In a recent study a group led by SciLifeLab Fellow Kristina Jonas (Stockholm University) sheds light on the molecular mechanisms and ecological relevance behind filamentation in the freshwater bacterium, Caulobacter crescentus.

Bacteria are often depicted as rod or coccus shaped cells but come in a large variety of shapes and forms in nature. Many of them can also change their appearance drastically based on growth conditions in the environment. Caulobacter crescentus, a normally comma-shaped freshwater bacterium, can transform into long filamentous cells with a helical shape.

In a recent study, led by Kristina Jonas (ScilifeLab/Stockholm University), researchers investigated the molecular mechanisms behind this environmentally-induced cell filamentation and the conditions triggering it. The study was published in mBio.

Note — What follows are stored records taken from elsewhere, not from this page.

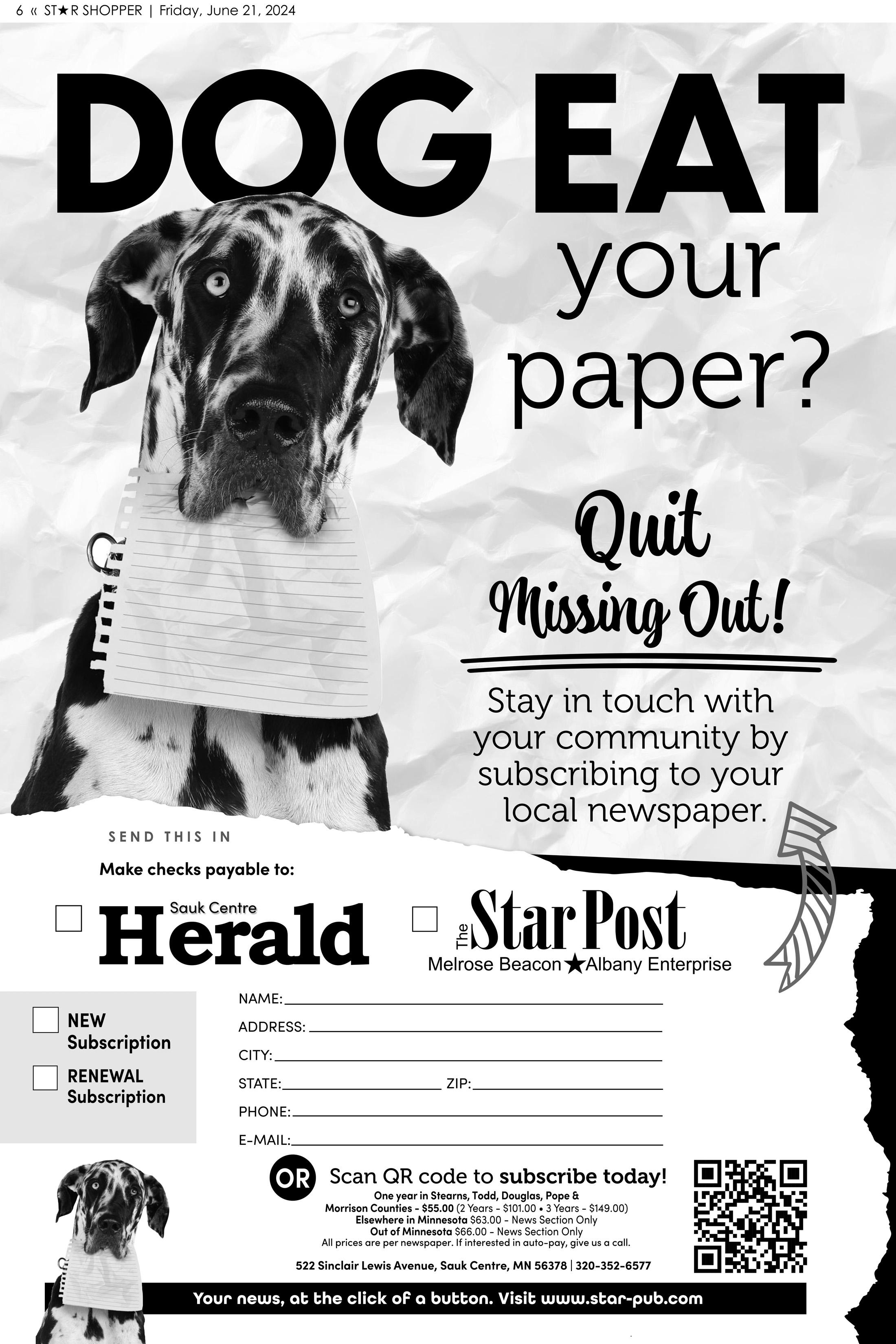 14 « STR SHOPPER | Friday, June 21, 2024 Herald Sauk Centre We them allprint Business Cards | Stationery | Marketing Materials | Labels | Stickers | Folders | Promotional Products Banners | Decals | Signage | Badges | Stamps | Graduation Banners | Note Pads | Multi Part Forms Mouse Pads | Feed Tags | Direct Mailers | And More! $0.49*Starting at * Prices depend on paper weight, size and color. Published by: ST R Publications 320-352-6577 522 Sinclair Lewis Ave, Sauk Centre, MN 56378 HI-SPEED INTERNET, ANYWHERE! Shop With A Viasat Expert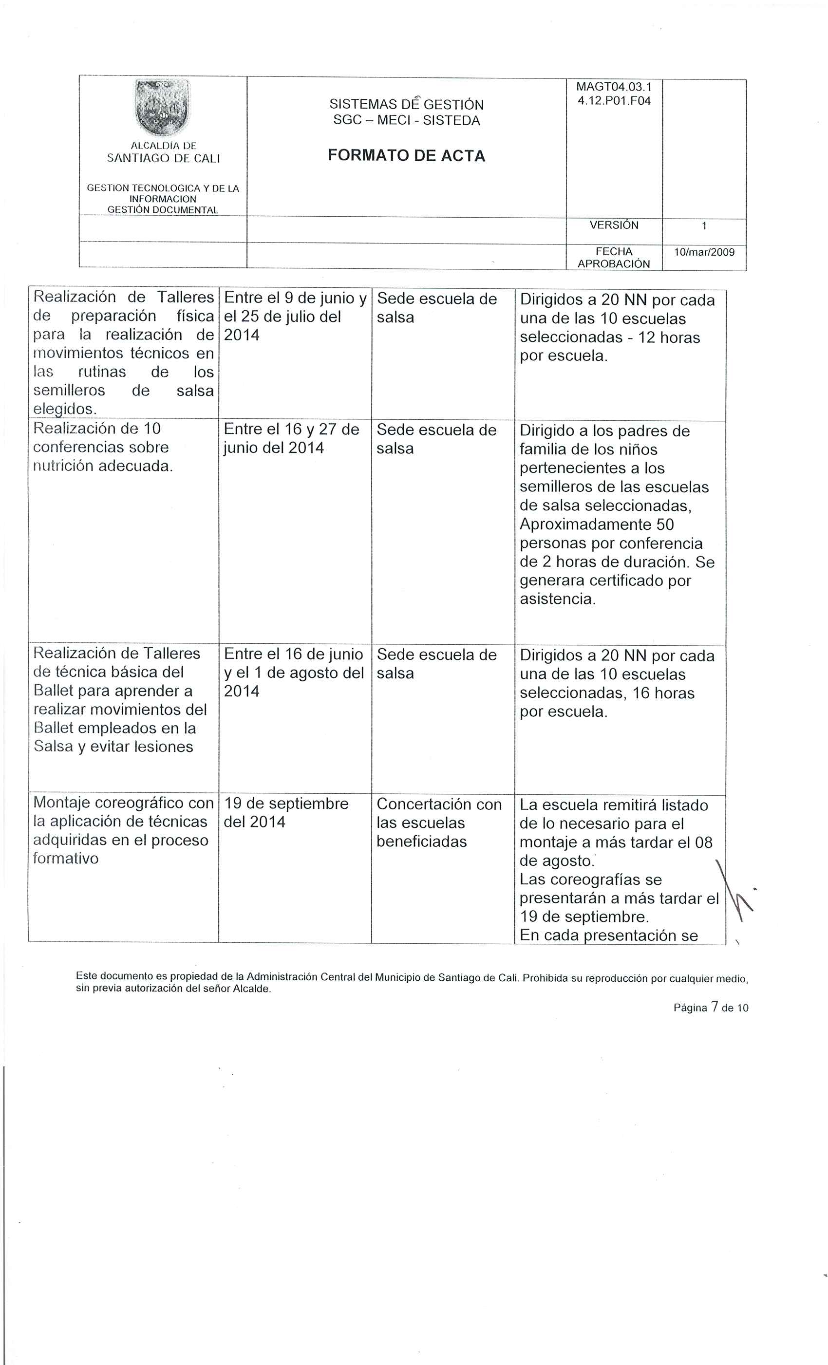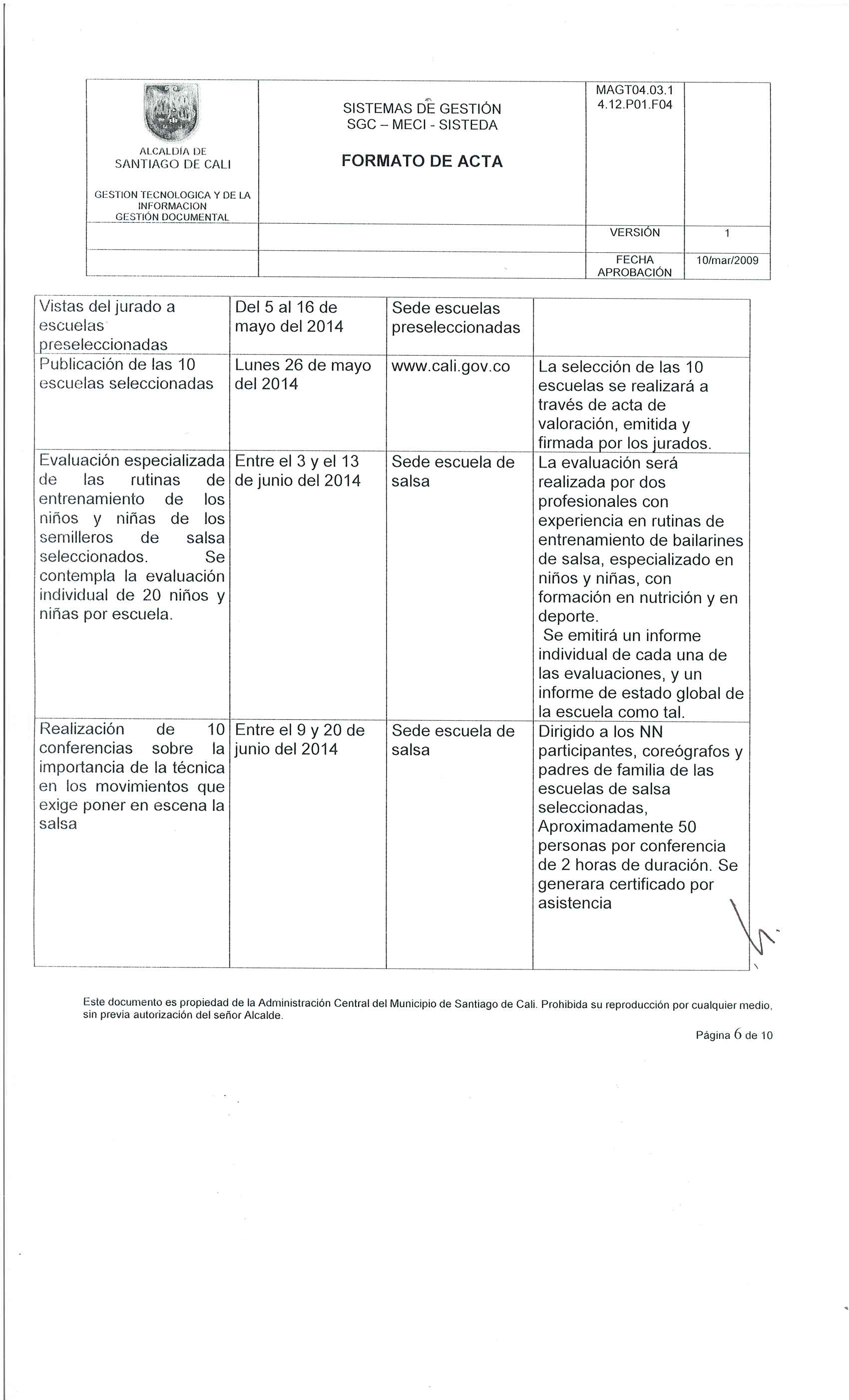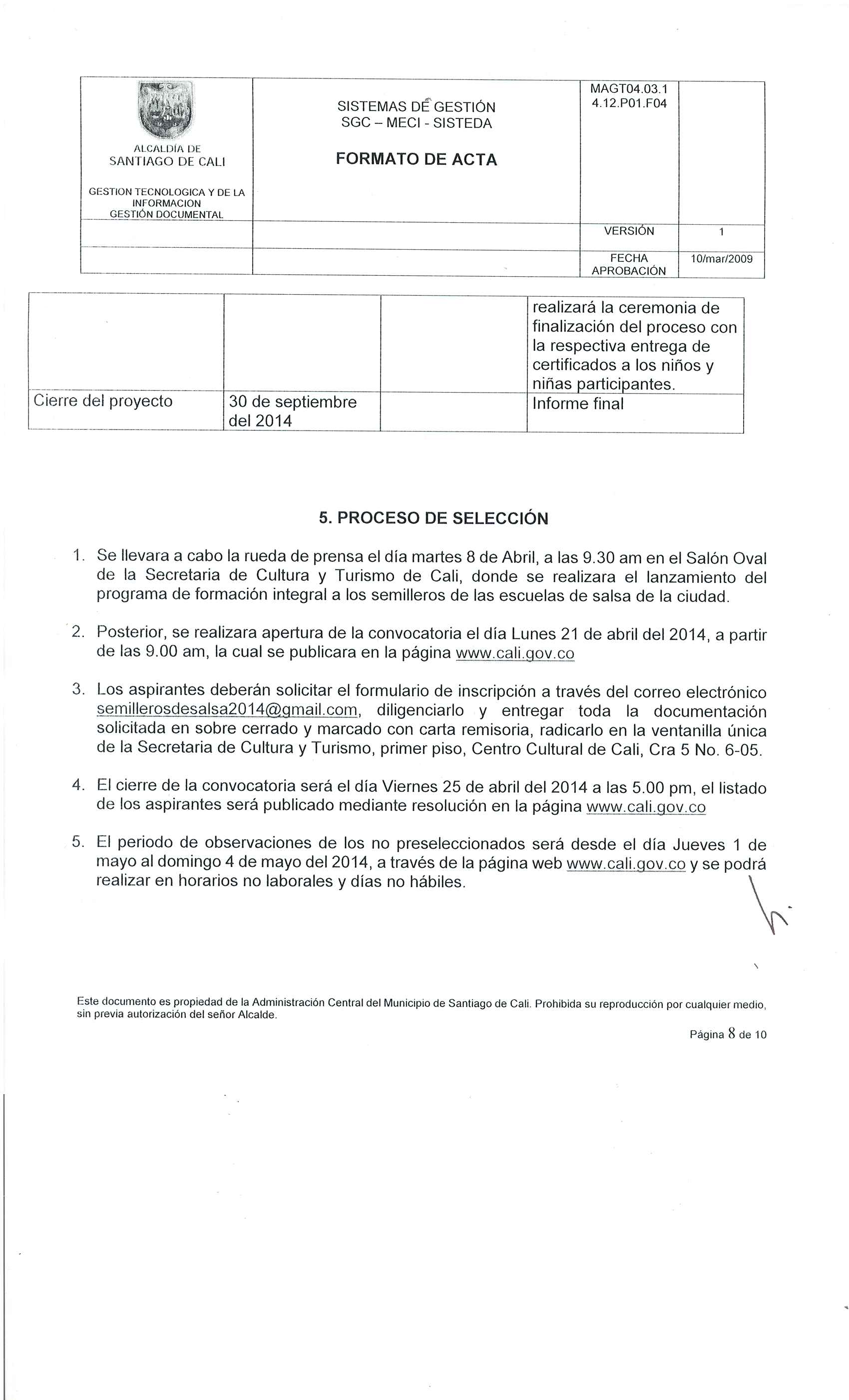 • No haber sido beneficiado por ningún proceso de formación en la Secretaría de Cultura y Turismo de Cali en la vigencia 2013.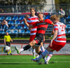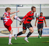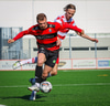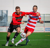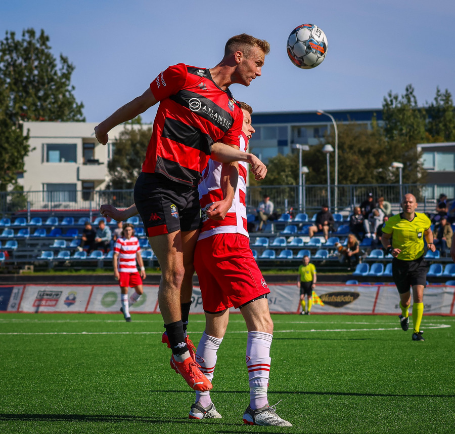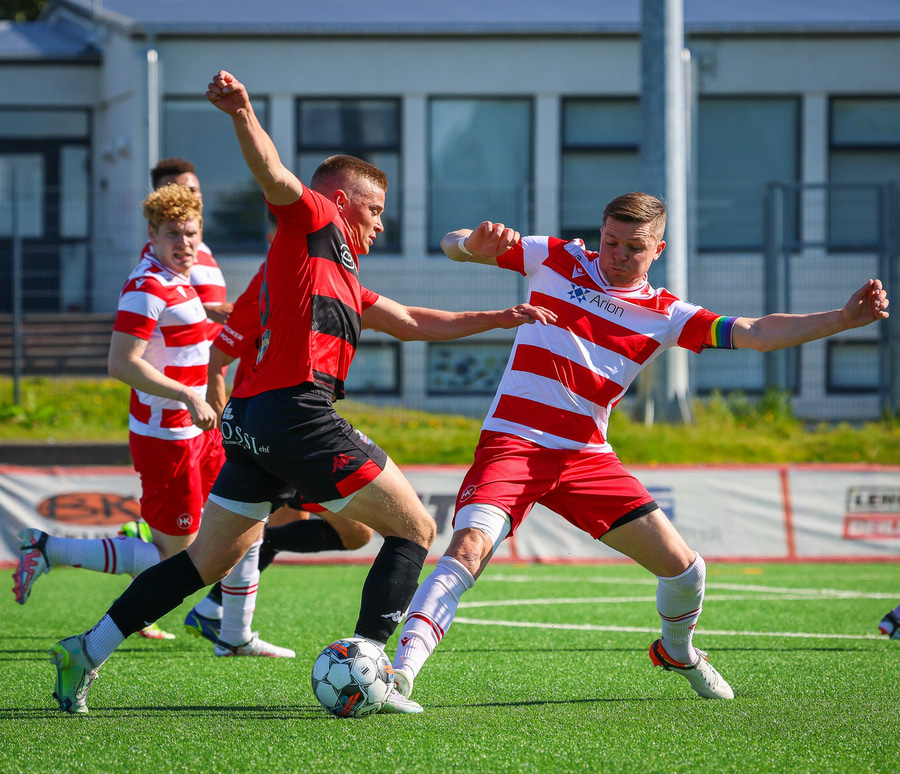 Arnar Freyr ver skalla af stuttu færi eftir hornspyrnuna. Iosu Villar átti skallann.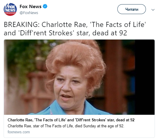 В США скончалась известная голливудская актриса Шарлотта Рэй. Звезда умерла в возрасте 92 лет, в Лос-Анджелесе в собственном доме в воскресенье, 5 августа 2018 года.

The researchers demonstrated that a combination of three stresses, depletion of phosphate, alkaline pH, and an excess of ammonium, triggers a downregulation of most critical cell cycle regulators and a consequent block of DNA replication and cell division while cell growth and metabolism continue, which together leads to the morphological change.

Depletion of phosphate, alkaline pH, and an excess of ammonium are all common in the summer during algal bloom and usually occur close to the surface in freshwater lakes, suggesting that filamentous growth is triggered under certain conditions in Caulobacter’s natural habitat. Consistently, in a collaboration with Stefan Bertilsson (SciLifeLab/Uppsala University) the authors observed filamentous cells that likely belonged to the genus Caulobacter in water samples collected in a Swedish lake.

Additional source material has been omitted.